Não acredito que estas eleições tragam algo de novo em matéria da esperança do povo nas estruturas e nas actuações de quem luta pelo poder nos jornais e nos canais de televisão.
Política de fachada, perpetuação de uma equipa onde mudam as caras mas é sempre a mesma a estratégia do jogo cada vez mais disputado na secretaria, no balneário, nos bastidores.
O maior perigo para a democracia são as fragilidades que os medíocres exploram para se alcandorarem a postos que de outra forma nunca seriam seus. E somos nós que sustentamos, pelos impostos e pelo voto, esta anomalia que nos arrasta aos poucos para a república das bananas em que transformamos Portugal.
O problema não é de esquerda nem de direita, nem é do candidato A ou B. É uma malformação congénita que começa no facto de as opções ideológicas serem derivações do raciocínio de bacanos que fazem tijolo há séculos e termina na impotência das populações para evitarem os abusos oportunistas que a democracia e a liberdade sonsinhas facilitam com a sua propensão para a fé desmedida nas estruturas que as legitimam.

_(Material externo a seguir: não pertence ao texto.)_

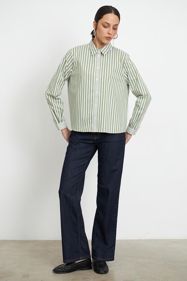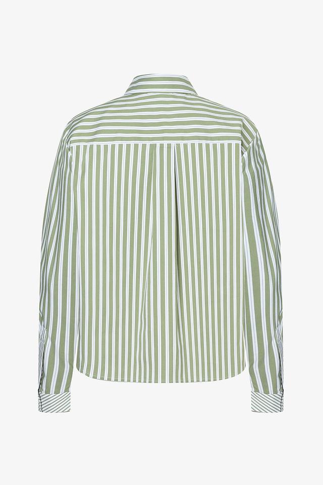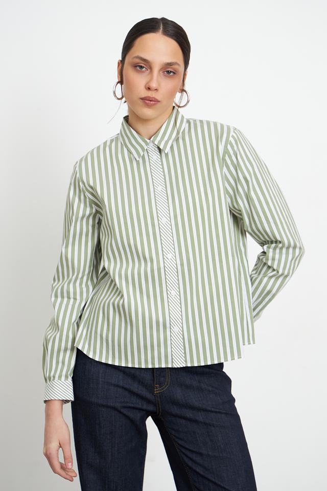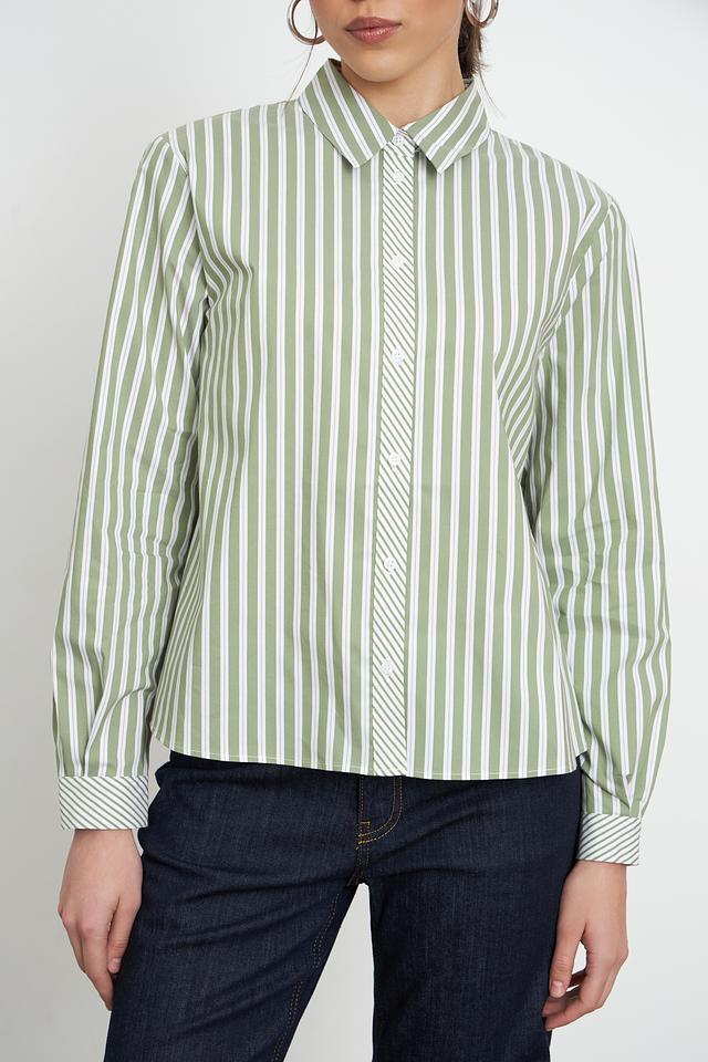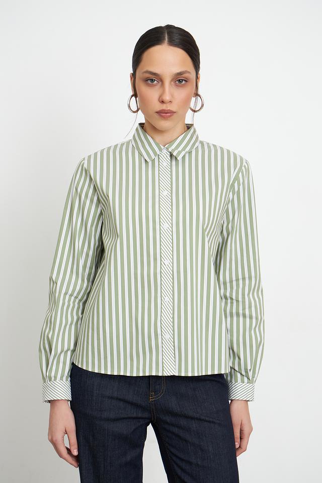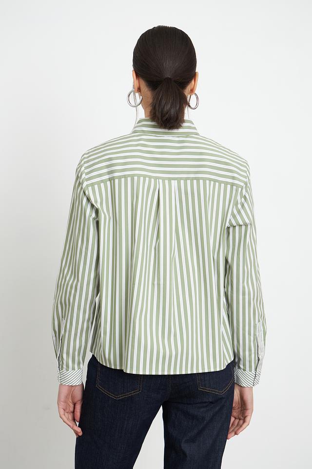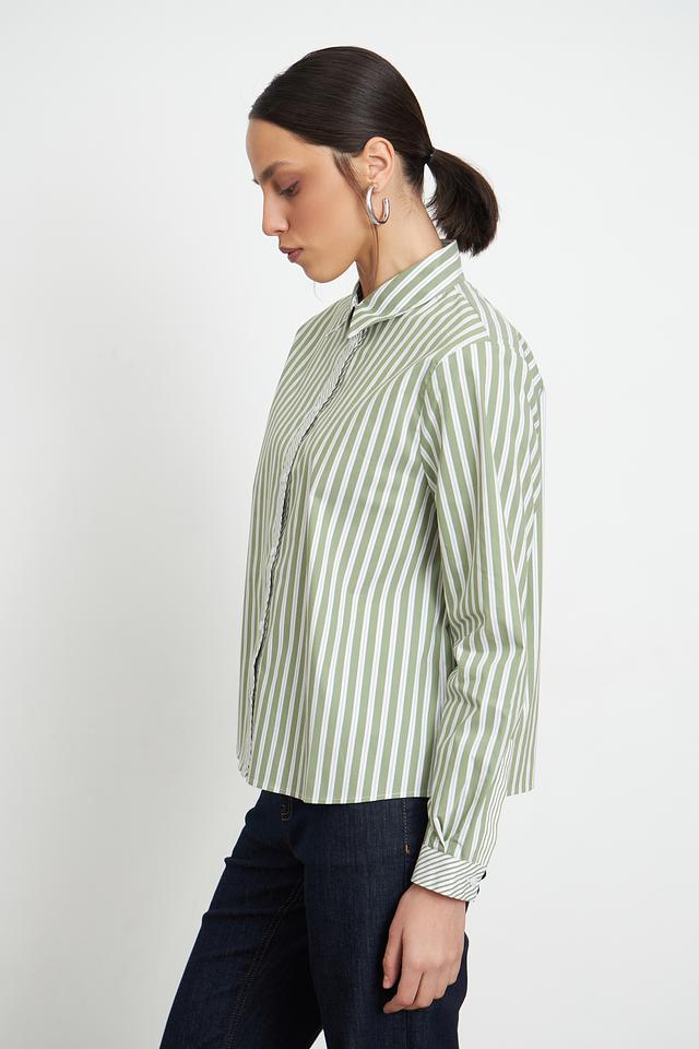 Основной цвет блузы – зеленый, с чередованием белых полос. Такой принт универсален и легко сочетается с различными элементами одежды. Блуза идеально подойдет для создания как повседневных, так и более формальных образов.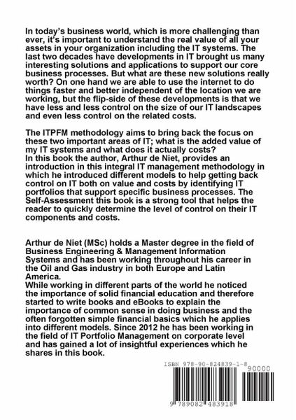 This book is about the the ITPfM - Integral IT Portfolio Management Methodology in which the author, Arthur de Niet, provides an introduction in the ITPfM methodology which focusses on the Value and Costs of IT systems. With different models (Integral Value/Cost model) and guidelines provides the author the help help needed to get insight in the value of IT and it's costs by identifying IT portfolios that support a specific business process. This book contains a Self Assessment that helps the reader to quickly determine the level of control on his/her IT components and costs.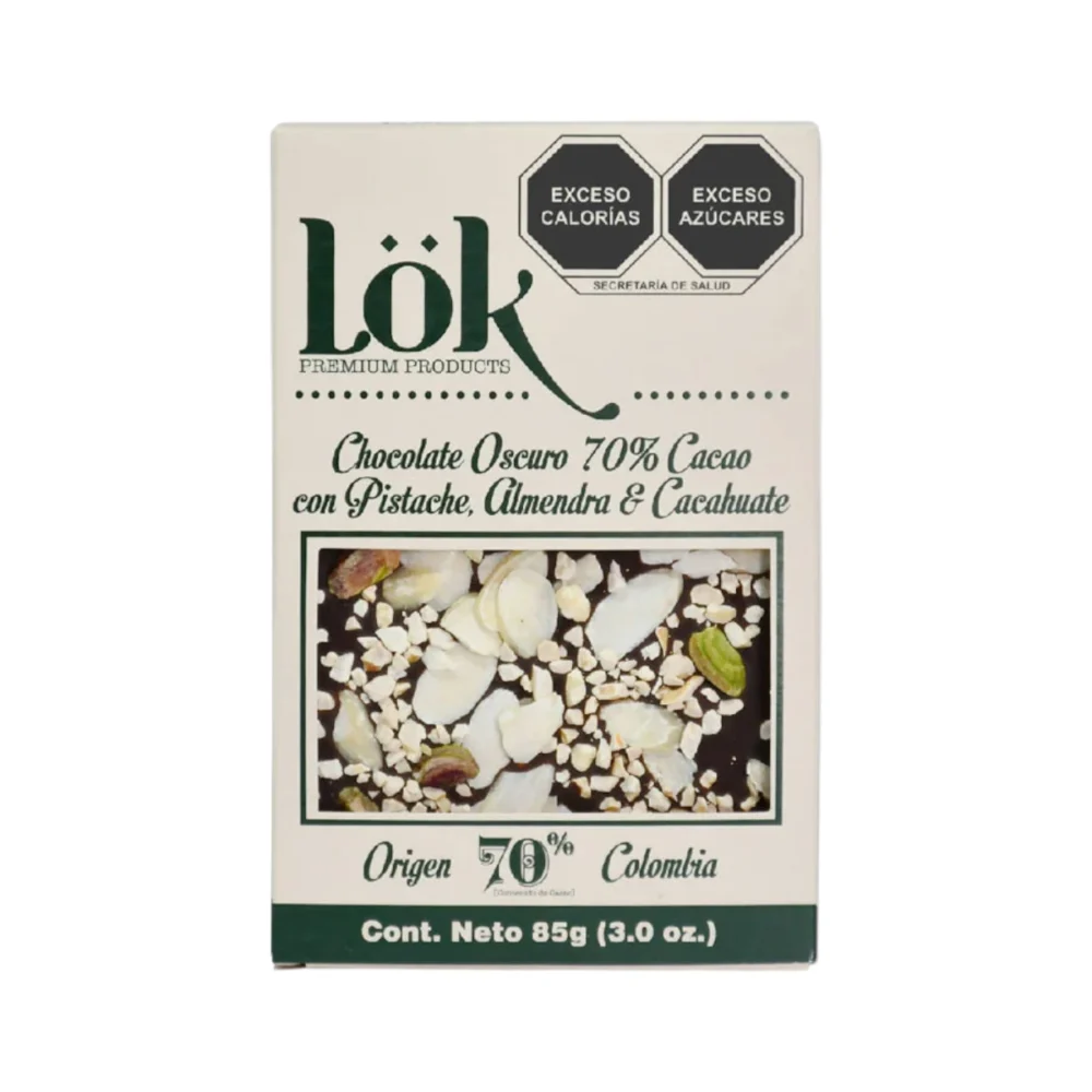 Disfruta de un delicioso chocolate oscuro con trozos de pistache, almendra y cacahuate con un cacao del 70%. Se elabora con ingredientes naturales y sin conservadores artificiales. Es perfecto para satisfacer tu antojo de dulce con un toque crujiente y un sabor intenso.

O problema é a falta de dignidade assumida a nível global como um mal necessário, uma consequência inevitável da promiscuidade entre o poder do dinheiro e os fantoches políticos que amocham por medo, por ganância ou por mera indiferença à causa pública que lhes compete proteger destes e de outros males ou ameaças.
O problema é assistirmos impávidos a estas sucessivas vendas por catálogo de figurões decorativos que acabam invariavelmente por nos desiludir, depois de abancarem à nossa conta nas suas confortáveis cadeirinhas.